作者: Frank_Kivi | 来源:发表于2017-09-12 00:40 被阅读283次

    Lru算法对于很多人来说感觉非常的高大上,但是一旦你揭开了他的面纱之后,就会发现其实它真的很简单。
    Lru算法简单来说就是最后操作的最后出队,优先删除那些不用的元素。其实说白了就是create,retrieve和update都会把操作的元素主到队尾(因为delete直接就把元素删除了,没有考虑的必要),只要完成这个操作,一个简单的Lru算法就相当于实现了。而对于Java来说,有一个完全按照这个算法结构设计的数据结构,它就是LinkedHashMap。

    
    /**
     * <p>Hash table and linked list implementation of the <tt>Map</tt> interface,
     * with predictable iteration order.  This implementation differs from
     * <tt>HashMap</tt> in that it maintains a doubly-linked list running through
     * all of its entries.  This linked list defines the iteration ordering,
     * which is normally the order in which keys were inserted into the map
     * (<i>insertion-order</i>).  Note that insertion order is not affected
     * if a key is <i>re-inserted</i> into the map.  (A key <tt>k</tt> is
     * reinserted into a map <tt>m</tt> if <tt>m.put(k, v)</tt> is invoked when
     * <tt>m.containsKey(k)</tt> would return <tt>true</tt> immediately prior to
     * the invocation.)
     *
     * <p>This implementation spares its clients from the unspecified, generally
     * chaotic ordering provided by {@link HashMap} (and {@link Hashtable}),
     * without incurring the increased cost associated with {@link TreeMap}.  It
     * can be used to produce a copy of a map that has the same order as the
     * original, regardless of the original map's implementation:
     * <pre>
     *     void foo(Map m) {
     *         Map copy = new LinkedHashMap(m);
     *         ...
     *     }
     * </pre>
     * This technique is particularly useful if a module takes a map on input,
     * copies it, and later returns results whose order is determined by that of
     * the copy.  (Clients generally appreciate having things returned in the same
     * order they were presented.)
     *
     * <p>A special {@link #LinkedHashMap(int,float,boolean) constructor} is
     * provided to create a linked hash map whose order of iteration is the order
     * in which its entries were last accessed, from least-recently accessed to
     * most-recently (<i>access-order</i>).  This kind of map is well-suited to
     * building LRU caches.  Invoking the {@code put}, {@code putIfAbsent},
     * {@code get}, {@code getOrDefault}, {@code compute}, {@code computeIfAbsent},
     * {@code computeIfPresent}, or {@code merge} methods results
     * in an access to the corresponding entry (assuming it exists after the
     * invocation completes).
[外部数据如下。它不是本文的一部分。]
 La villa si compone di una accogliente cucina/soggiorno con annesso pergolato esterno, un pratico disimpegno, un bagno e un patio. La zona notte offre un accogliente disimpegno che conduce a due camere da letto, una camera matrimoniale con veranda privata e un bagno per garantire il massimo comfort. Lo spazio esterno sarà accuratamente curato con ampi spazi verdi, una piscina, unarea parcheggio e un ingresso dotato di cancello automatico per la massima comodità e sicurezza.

The {@code replace} methods only result in an access
     * of the entry if the value is replaced.  The {@code putAll} method generates one
     * entry access for each mapping in the specified map, in the order that
     * key-value mappings are provided by the specified map's entry set iterator.
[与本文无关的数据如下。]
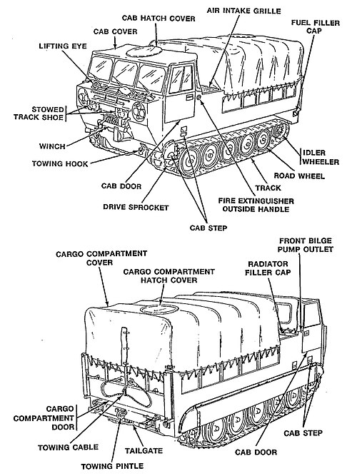 1. Lifting eye. 2. Cab cover. 3. Cab hatch cover. 4. Aft bilge pump outlet. 5. Air intake grille. 6. Fire extinguisher outside handle. 7. Fuel filler cap. 8. Idler wheel. 9. Road wheel. 10. Track. 11. Cab door. 12. Cab step. 13. Drive sprocket. 14. Towing eye. 15. Winch. 16. Spare track shoe. (Picture from TM 9-2350-247-10 Driver's Operation and Maintenance Manual Carrier, Cargo, Tracked, 6-ton: M548 (2350-00-078-4545).)

     * <i>No other methods generate entry accesses.</i>  In particular, operations
     * on collection-views do <i>not</i> affect the order of iteration of the
     * backing map.
     *
     * <p>The {@link #removeEldestEntry(Map.Entry)} method may be overridden to
     * impose a policy for removing stale mappings automatically when new mappings
     * are added to the map.
     *
     * <p>This class provides all of the optional <tt>Map</tt> operations, and
     * permits null elements.  Like <tt>HashMap</tt>, it provides constant-time
     * performance for the basic operations (<tt>add</tt>, <tt>contains</tt> and
     * <tt>remove</tt>), assuming the hash function disperses elements
     * properly among the buckets.  Performance is likely to be just slightly
     * below that of <tt>HashMap</tt>, due to the added expense of maintaining the
     * linked list, with one exception: Iteration over the collection-views
     * of a <tt>LinkedHashMap</tt> requires time proportional to the <i>size</i>
     * of the map, regardless of its capacity.  Iteration over a <tt>HashMap</tt>
     * is likely to be more expensive, requiring time proportional to its
     * <i>capacity</i>.
     *
     * <p>A linked hash map has two parameters that affect its performance:
     * <i>initial capacity</i> and <i>load factor</i>.  They are defined precisely
     * as for <tt>HashMap</tt>.  Note, however, that the penalty for choosing an
     * excessively high value for initial capacity is less severe for this class
     * than for <tt>HashMap</tt>, as iteration times for this class are unaffected
     * by capacity.
     *
     * <p><strong>Note that this implementation is not synchronized.</strong>
     * If multiple threads access a linked hash map concurrently, and at least
     * one of the threads modifies the map structurally, it <em>must</em> be
     * synchronized externally.  This is typically accomplished by
     * synchronizing on some object that naturally encapsulates the map.
     *
     * If no such object exists, the map should be "wrapped" using the
     * {@link Collections#synchronizedMap Collections.synchronizedMap}
     * method.  This is best done at creation time, to prevent accidental
     * unsynchronized access to the map:<pre>
     *   Map m = Collections.synchronizedMap(new LinkedHashMap(...));</pre>
     *
     * A structural modification is any operation that adds or deletes one or more
     * mappings or, in the case of access-ordered linked hash maps, affects
     * iteration order.  In insertion-ordered linked hash maps, merely changing
     * the value associated with a key that is already contained in the map is not
     * a structural modification.  <strong>In access-ordered linked hash maps,
     * merely querying the map with <tt>get</tt> is a structural modification.
     * </strong>)
     *
     * <p>The iterators returned by the <tt>iterator</tt> method of the collections
     * returned by all of this class's collection view methods are
     * <em>fail-fast</em>: if the map is structurally modified at any time after
     * the iterator is created, in any way except through the iterator's own
     * <tt>remove</tt> method, the iterator will throw a {@link
     * ConcurrentModificationException}.  Thus, in the face of concurrent
     * modification, the iterator fails quickly and cleanly, rather than risking
     * arbitrary, non-deterministic behavior at an undetermined time in the future.
     *
     * <p>Note that the fail-fast behavior of an iterator cannot be guaranteed
     * as it is, generally speaking, impossible to make any hard guarantees in the
     * presence of unsynchronized concurrent modification.  Fail-fast iterators
     * throw <tt>ConcurrentModificationException</tt> on a best-effort basis.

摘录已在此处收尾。